Please continue talking about the future now.
 
Nero (the self proclaimed God) fit the bill perfectly. Remember that the vast majority of Catholics don’t believe in a future millenium. The millenium started with the birth of the Church. Meaning, we believe that the final battle of Gog and Magog is next, followed by eternity. That doesn’t mean the first 19 chapters of Revelation don’t recapitulate with different players throughout time (or in the final battle), but the imagery of chapters 1-19 has definately found fulfillment in the first century A.D. Those chapters relate to the covenant law suit brought against Jerusalem’s leaders and the end of the OT age. Sea beast= Nero and Rome while land beast=Sanhedrin and Jerusalem.
Armageddon still lies in the future, too.

There has been no huge battle at Megiddo in Northern Israel since the writing of the Apocalypse, so it still lies ahead.

ICXC NIKA
 
Armageddon still lies in the future, too.
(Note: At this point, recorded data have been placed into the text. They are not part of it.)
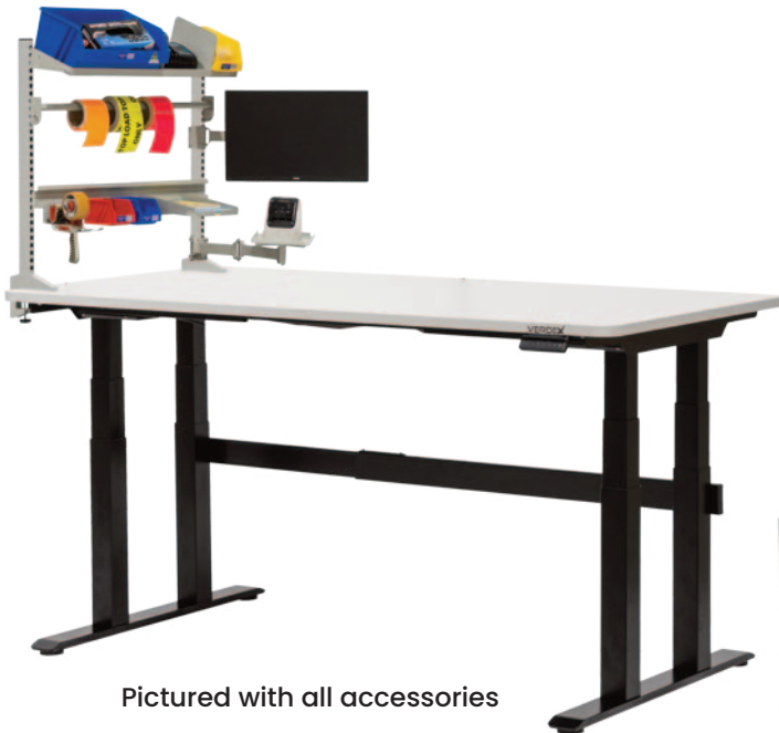
Pictured with all accessories
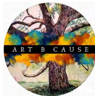
Art B Cause
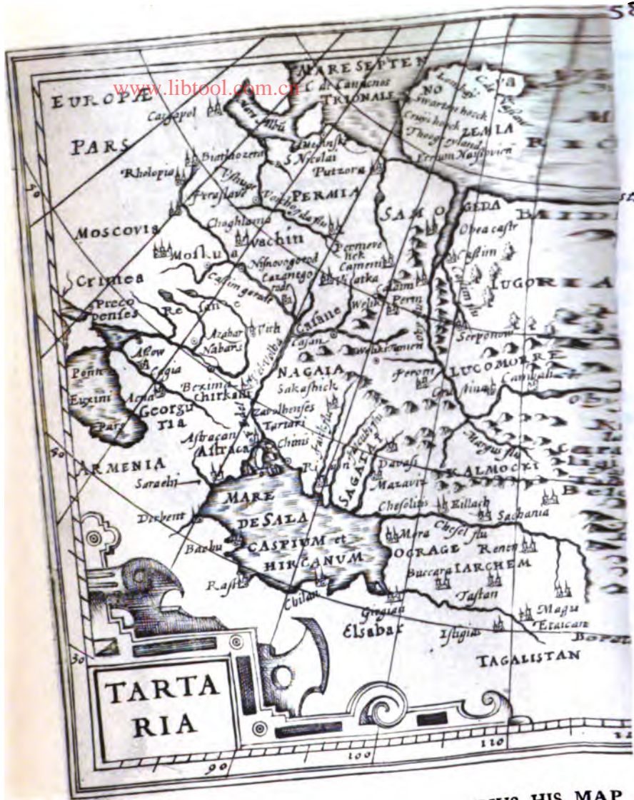
HONDIUS HIS MAP
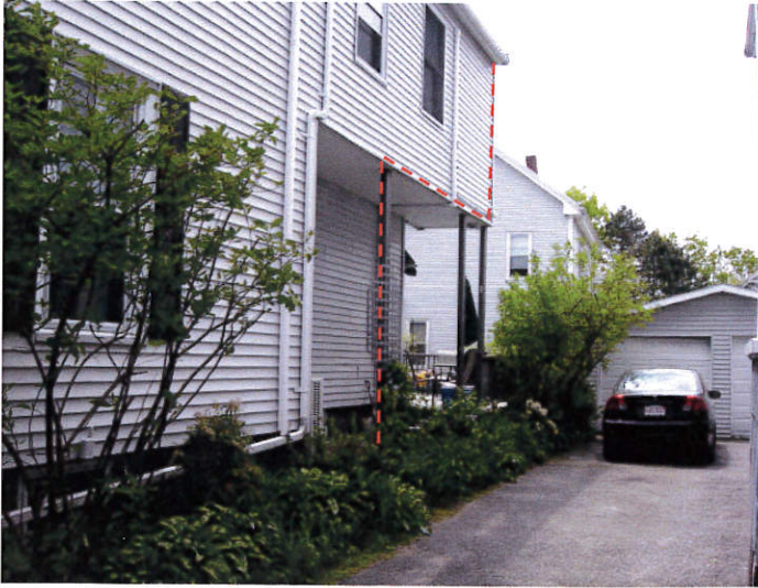
West elevation, existing
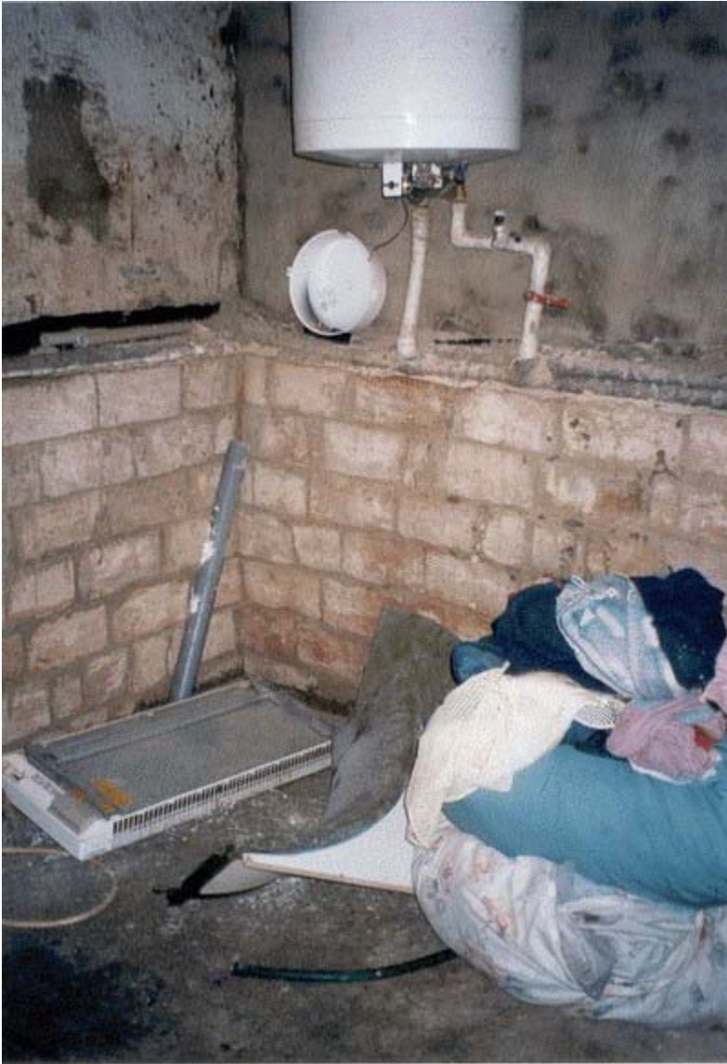
Bathroom facilities with a boiler in the house in Stará Červená Voda in the Jeseník District, Czech Republic, 13 May 2007, to which two families were deported by the Vsetín municipality after being expelled from municipal housing without procedure in November 2006.

There has been no huge battle at Megiddo in Northern Israel since the writing of the Apocalypse, so it still lies ahead.

ICXC NIKA
It depends what frame of reference John was writing about. It only lies in the future if it is a recapitulation of events in the battle of Gog and Magog, because Armageddon is in the past.

There is not the slightest mention of a battle near the mount of Megiddo in Revelation. Read the passage again. That is where they assembled. It describes only the gathering of the army there, and that is precisely what occurred in the Jewish-Roman war. General Titus gathered his troops in this area, then pushed into the siege that eventually destroyed Jerusalem and the Temple.
 
It depends what frame of reference John was writing about. It only lies in the future if it is a recapitulation of events in the battle of Gog and Magog, because Armageddon is in the past.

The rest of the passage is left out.